前週末の米株高やエヌビディア上昇が東京市場の支えとなるも、中東情勢の緊迫化によって地合いは急変。イラン革命防衛隊の海峡封鎖宣言や新たな軍事攻撃の報道でエネルギー市況が急騰し、原油高が日本企業の業績懸念へダイレクトに波及しました。

 

また、韓国株(KOSPI)が一時3%超の下落と海外市場の波乱も重なり、AI・半導体など前週買い集められていたグロース株にも利益確定売りが波及。良品計画は需給要因などから逆行高となった一方、安川電機は決算反応でストップ安となるなど、銘柄ごとの明暗が分かれました。

■ 今後の注目経済指標

日時 指標名 重要度
7/13(月) 16:00 トルコ 5月経常収支
7/13(月) 27:00 米国 6月月次財政収支 ★★
7/14(火) 08:01 イギリス 6月BRC小売売上高調査
7/14(火) 09:00 シンガポール 4-6月期GDP速報値 ★★
7/14(火) 13:30 日本 5月鉱工業生産・確報値
7/14(火) 21:30 米国 6月消費者物価指数(CPI) ★★★
7/15(水) 08:50 日本 5月機械受注 ★★
7/15(水) 11:00 中国 4-6月期GDP ★★★
7/16(木) 21:30 米国 6月小売売上高 ★★★
7/17(金) 18:00 ユーロ圏 6月HICP消費者物価指数(改定値) ★★★
7/17(金) 21:30 米国 6月住宅着工件数 ★★

■ まとめ

2026年7月13日前場の東京市場は、米国株高やAI・半導体株物色で一時反発するも、中東情勢の緊迫化、原油高、韓国株下落といったネガティブ材料が重なり、不安定な展開となりました。

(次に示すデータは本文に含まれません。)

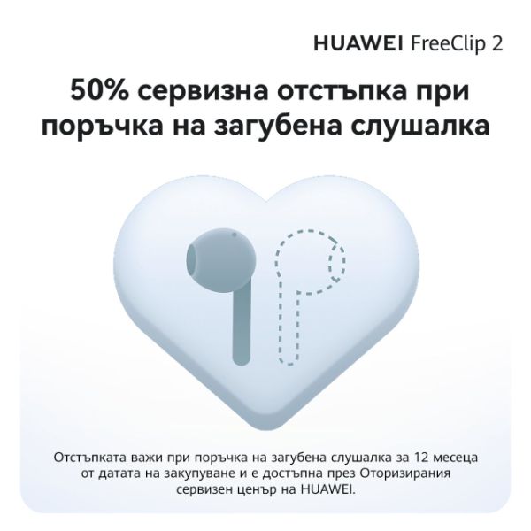 Второто поколение на култовата серия безжични слушалки Huawei FreeClip – Huawei FreeClip 2, вече се предлага на българския пазар на препоръчителна цена от 199 евро. Закупилите FreeClip 2 до 1 март 2026 г. включително могат да се възползват и от ваучер за отстъпка от 20 евро, която важи както във физическите, така и в онлайн магазините. Новият модел се предлага в три цветови варианта – графитено черно, светлосиньо и бяло, от Technopolis, A1, Yettel, ЗОРА, партньорите на дистрибутора Polycomp, включително OZONE.bg, Ardes и Plesio, и скоро ще бъдат налични и във Vivacom и Technomarket.

為替市場では円安が進行し、企業業績や日本経済全体への影響も注視されます。

 

AI・半導体関連などグロース株には引き続き注目が集まるものの、個人投資家にとっては地政学リスクや海外市場の影響などにも十分注意した投資判断が求められています。今後は今晩発表の米CPIや中国GDPなど、主な経済指標の結果に要注目です。